Jet-RL Achieves 41% Faster FP8 Reinforcement Learning with Unified Precision Flow

Researchers are tackling a major bottleneck in reinforcement learning (RL) , the computational cost of training large language models. Haocheng Xi, Charlie Ruan, and Peiyuan Liao, alongside Yujun Lin, Han Cai et al from NVIDIA, have identified a critical flaw in current approaches to accelerate RL using FP8 precision: the mismatch between training and rollout phases causes instability and accuracy loss.
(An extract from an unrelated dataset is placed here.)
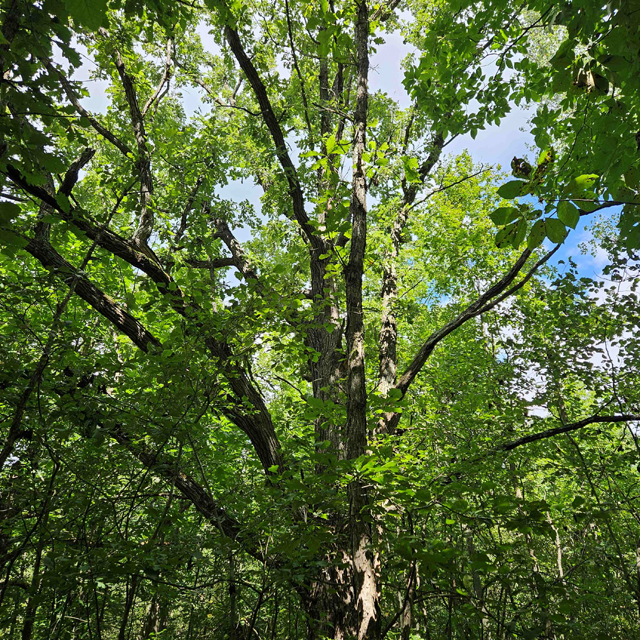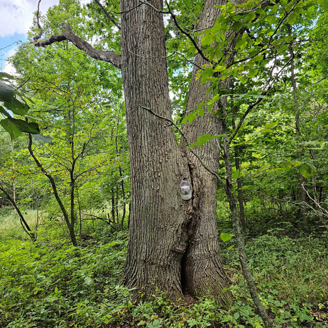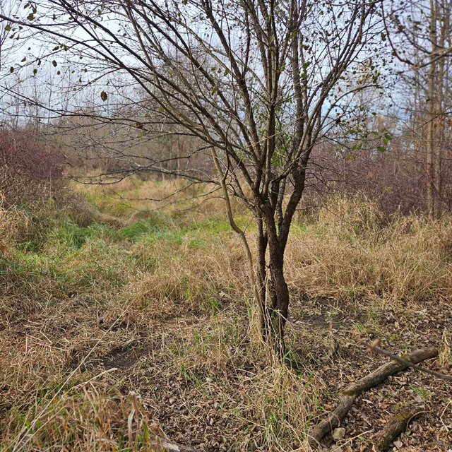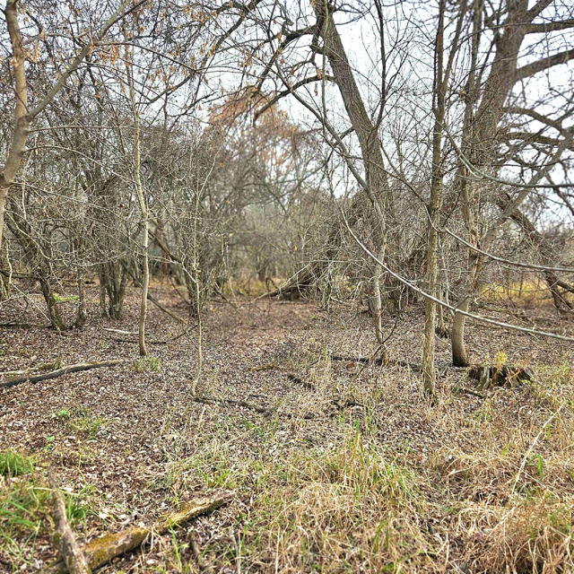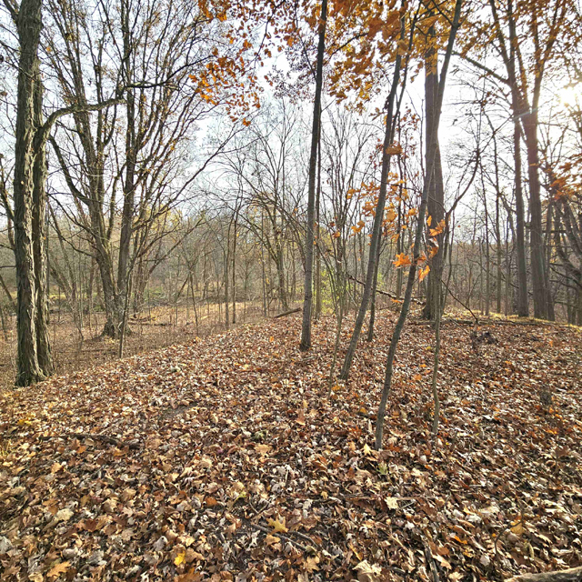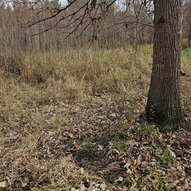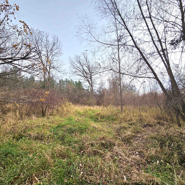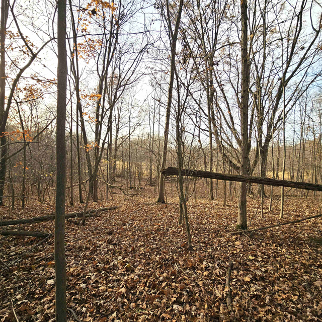 The land here is split between high wooded forest and thick lowlands. The higher ground is mostly on the eastern side of the acreage. This area is fully wooded with oak, hickory, poplar, maple and some scattered white pines. Some truly large oaks can be found in this portion. The west and south part of this parcel is lower ground. This area is a mix of dense bushes, scattered willows, cottonwood, maple and other soft wood trees. Plenty of different grass are found throughout the south and west sides.
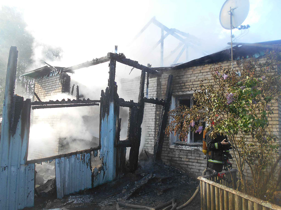 Когда подразделения МЧС прибыли на место ЧП, двухквартирный дом горел открытым пламенем. Спасатели справились с огнем. В результате пожара повреждены кровля, веранда, имущество в квартире №1.

Their new framework, Jet-RL, addresses this by unifying FP8 precision throughout both training and rollout, dramatically reducing numerical discrepancies and enabling significantly faster, more stable learning , experiments show up to a 41% speedup in training and a 16% end-to-end improvement without sacrificing accuracy.

The team achieved this by tackling the computational inefficiencies inherent in traditional RL, where the rollout phase often consumes over 70% of total training time. This work presents the first comprehensive study of FP8 RL training, revealing that the commonly used BF16-training + FP8-rollout strategy suffers from severe instability and accuracy collapse, particularly with long-horizon rollouts and challenging tasks.

The study unveils that these failures stem from a numerical mismatch between training and inference caused by the off-policy nature of the approach, a discrepancy that accumulates during extended reasoning sequences. Motivated by these observations, the researchers propose Jet-RL, which adopts a unified FP8 precision flow for both training and rollout, thereby minimizing these numerical discrepancies and eliminating the need for inefficient inter-step calibration. Extensive experiments validate the effectiveness of Jet-RL, demonstrating up to 33% speedup in the rollout phase, up to 41% speedup in the training phase, and a 16% end-to-end speedup over BF16 training. Crucially, Jet-RL maintains stable convergence across all settings and incurs negligible accuracy degradation, a significant improvement over existing methods.
The innovation lies in establishing a truly on-policy FP8 training paradigm, ensuring robustness and adaptability across diverse training configurations. By employing a mixed per-group and per-block quantization scheme alongside state-of-the-art FP8 GEMM kernels, Jet-RL unlocks substantial acceleration for end-to-end RL training, paving the way for more efficient and powerful LLMs capable of tackling increasingly complex reasoning tasks. This research establishes a foundation for future advancements in LLM training, potentially enabling the development of AI systems with enhanced problem-solving abilities and broader applications.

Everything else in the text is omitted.